В зрелых стихах (начиная с 60-х годов) мотив плавания звучит иначе. Водная стихия страшна для "сухопутной души" (inland Soul), "бесплавникового" сознания (Finless Minds). Но те, кто принадлежат к породе "истых пловцов", именно в неустанной борьбе с нею находят призвание и вкус жизни. Вид берега, сулящий отдохновение, опору тверди, их не манит, он им даже нежеланен: видение ведь может оказаться (и даже наверняка окажется) миражем, поверить в него значит проявить слабость, совершить предательство по отношению к истинной цели жизни:

I many times thought Peace had come
When Peace was far away —
As Wrecked Men — deem they sight the Land —
At Center of the Sea —
And struggle slacker — but to prove
As hopelessly as I —
How many the fictitious Shores —

(739)[3]

Примечательным образом, едва ли не самый ранний опыт духовного самоопределения будущей поэтессы был связан с упорным и необъяснимым в глазах окружающих отказом "возродиться" заодно со всеми к истинной вере. В пору ее детства и юности городок Амхерст, как и всю Новую Англию, захлестывали одно за другим религиозные "Возрождения". Земляки, соседи, близкие Дикинсон приобщались благодати, но ей переживание полнейшего экстатического самоотречения, вверения себя высшей воле никак не давалось, даже если и было желанно. Директриса семинарии, где она в ту пору училась, придирчиво оценивала состояние духа своих учениц: были заведены отдельные списки уже "приобщившихся", "лелеющих надежду" и "безнадежных" (в этот последний попала Эмили). Я — "дурная", я — не такая, как все... - в этих эпистолярных самообвинениях проглядывает, быть может, подростковое позерство, но репетируется и пожизненная верность себе.
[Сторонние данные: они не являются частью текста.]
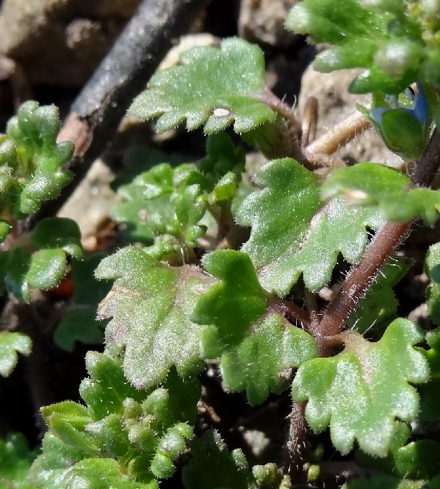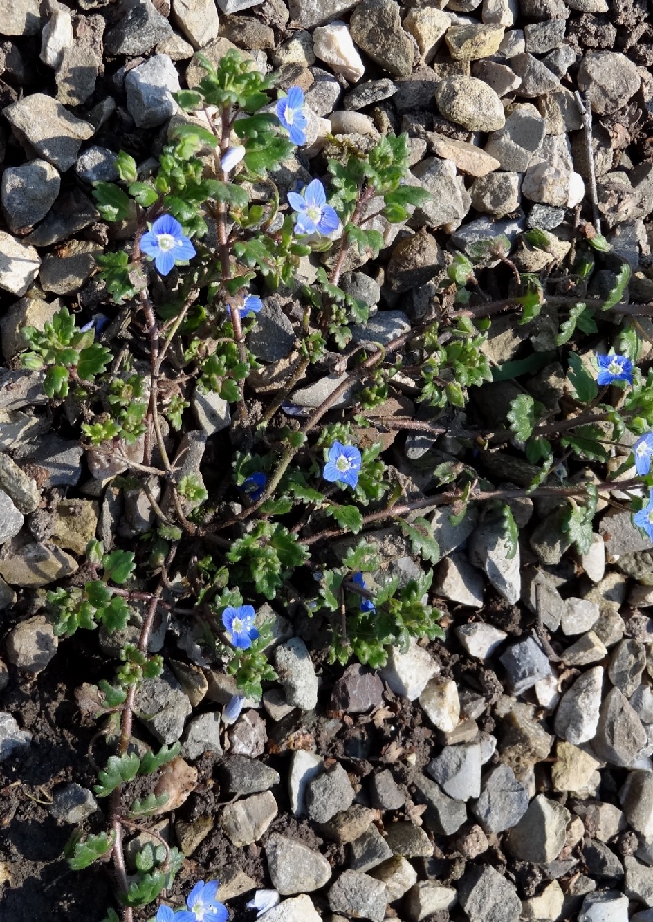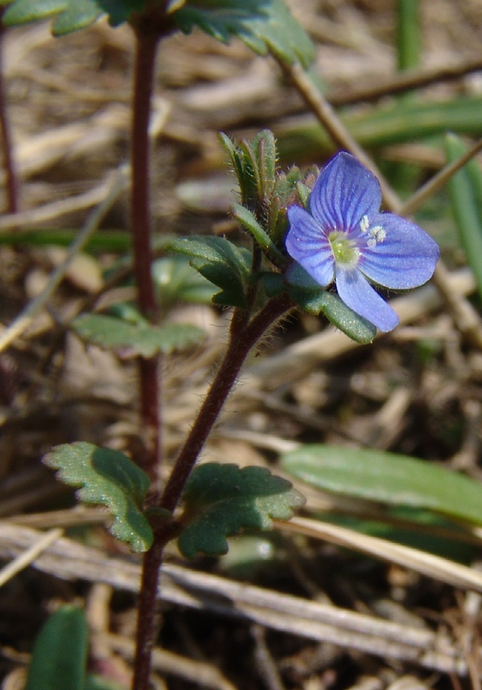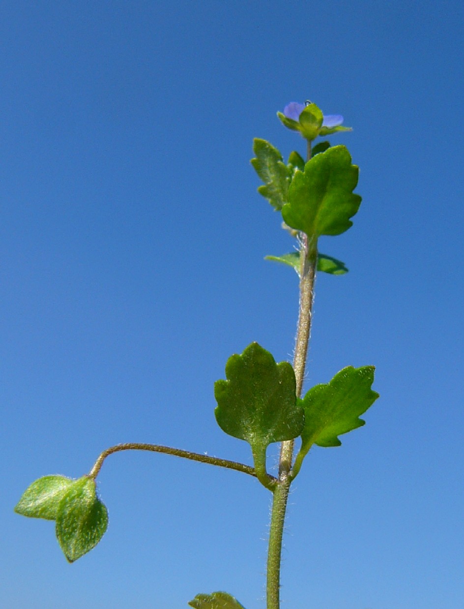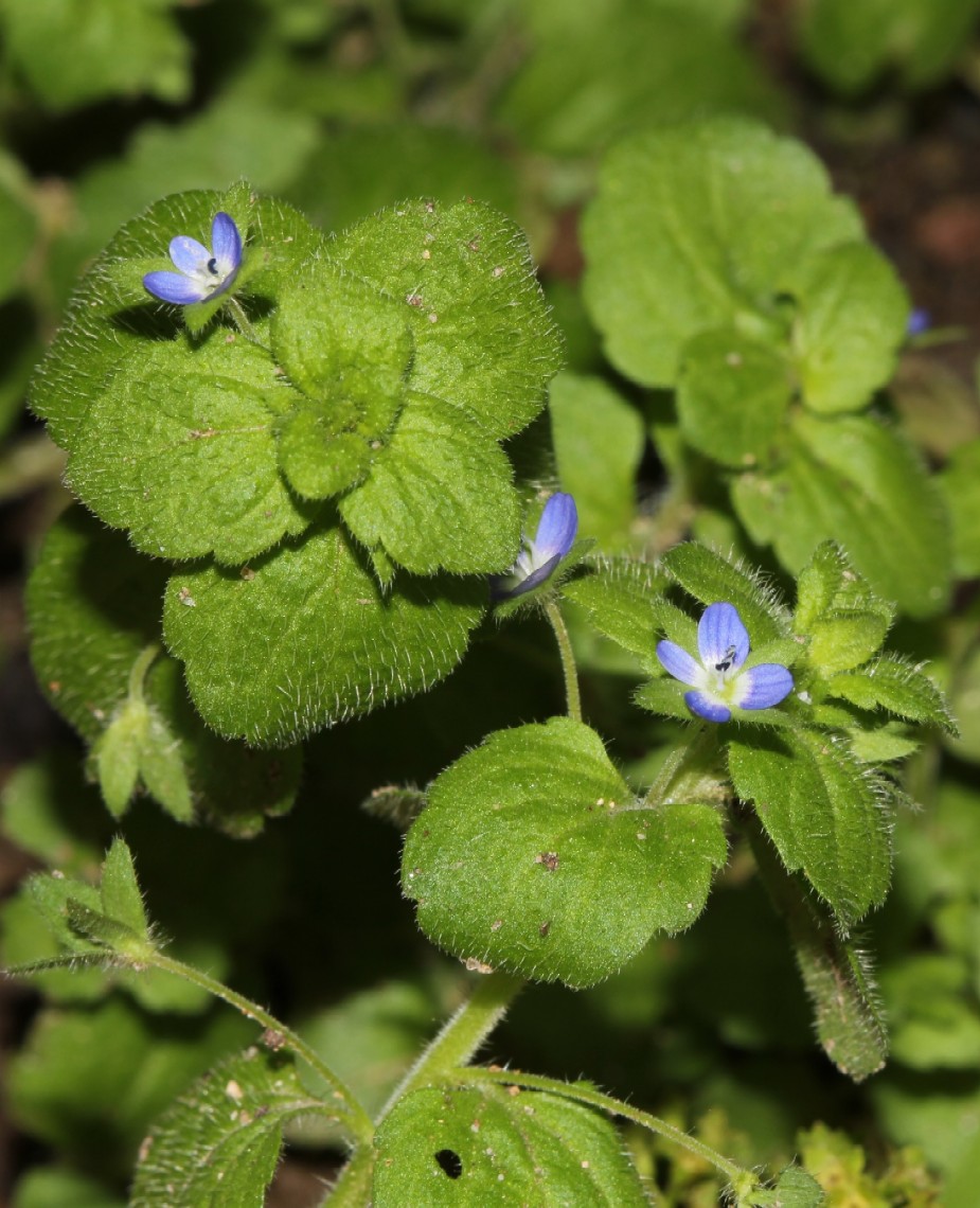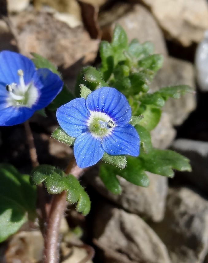 Blüten klein (5 - 7 mm), kräftig blau, oft mit violettem Ring, Kelchblätter breit

Ты уже знаешь, конечно, о том, что у нас здесь происходит, — пишет Дикинсон подруге Эбии Рут, — голос тихий и нежный призывает всех, и люди слышат его, и обращаются к вере, и повинуются радостно — и все вокруг так торжественно и благолепно, недостойные же прячутся с глаз долой, исполнившись печали... Я принадлежу к тем немногим, что недостойны, — я прячусь, медлю, раздумываю, — раздумываю, медлю и тружусь, не зная даже для чего: уж конечно, не для этого бренного мира, однако и не для небес; я спрашиваю, что означает эта весть, которой все взыскуют так страстно, — тебе-то ведома ее глубина и сила — не попробуешь ли рассказать мне?" (2; № 10).
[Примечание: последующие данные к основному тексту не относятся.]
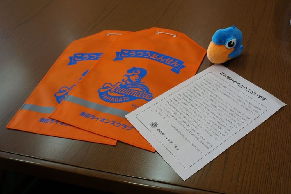 プレステージ・インターナショナル 女子バレーボールチーム(所在地:山形県酒田市、以下「アランマーレ山形」)は、昨年に引き続き酒田ライオンズクラブのご協力のもと、4月から酒田市内の小学校に通う新小学1年生のためのランドセルカバーを作成し、3月27日(水)、酒田市役所において贈呈式を執り行いましたことをご報告いたします。
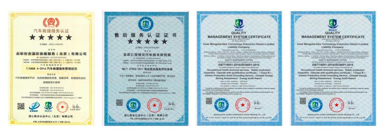 目前已經(jīng)具備質(zhì)量、環(huán)境、職業(yè)健康安全、汽車救援服務(wù)認(rèn)證、企業(yè)誠信認(rèn)證等多體系認(rèn)證資質(zhì)和能力
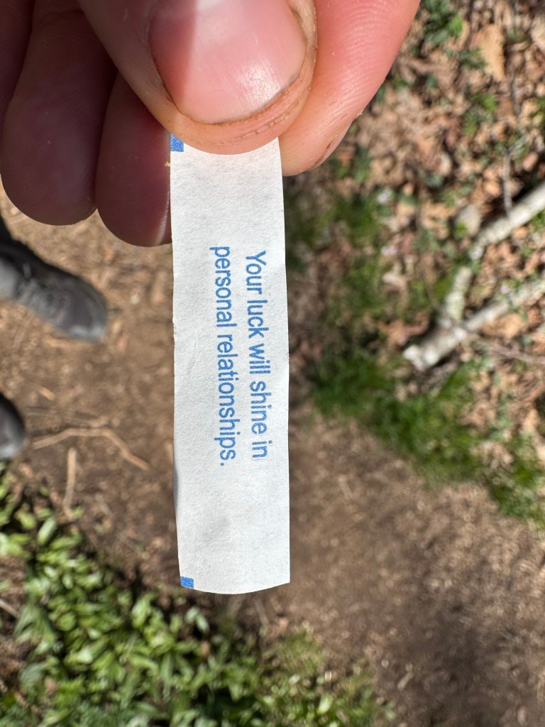 I ran into a couple coming the other way. And when I told them I was through hiking, they gave me a fortune cookie. “Your luck will shine in personal relationships.” That sounded great and all but I really wanted it to say “your feet will move faster soon.”
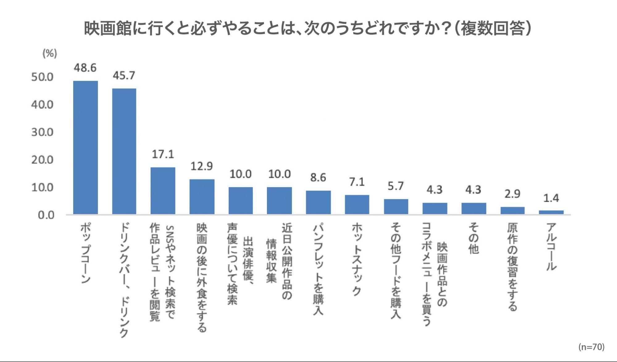 「映画館に行くと必ずやることは、次のうちどれですか?」という質問に対しては、「ポップコーン」と回答した割合が最も多く、48.6%でした。次いで僅差で「ドリンクバー、ドリンク」が45.7%と続きます。その後は数値差があり、「SNSやネット検索で作品レビューを閲覧」は17.1%、「映画の後に外食をする」12.9%、「近日公開作品の情報収集」「出演俳優、声優について検索」10.0%となりました。
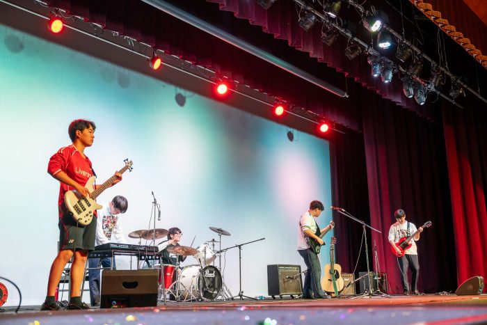 体育館ステージでは軽音楽部をはじめとする様々な団体の演出が行われました。
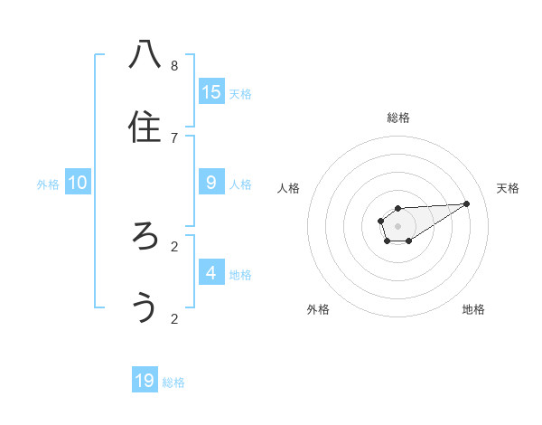 八住 ろうさんの総格は19画の1点!

Идея божественного избранничества, "спасенности" в духовном и жизненном укладе американских пуритан сочеталась с самодовольным сознанием приобщенности к сонму праведников. В сочетании этом таилась двойная опасность: самообмана, питаемого визионерским идеализмом, и — обмана, лицемерия. Претензия индивидуального духа на непосредственную сопричастность божественному абсолюту могла ввести и зачастую вводила во грех или ослепленной гордыни, или лживости. О необходимости очищения от этого двуединого греха настойчиво размышлял и писал Н. Готорн. Драма пуританского духа воспринималась им, как и Дикинсон, тем более остро, что в ней обнаруживалось и современное, светское, в некотором смысле злободневное измерение.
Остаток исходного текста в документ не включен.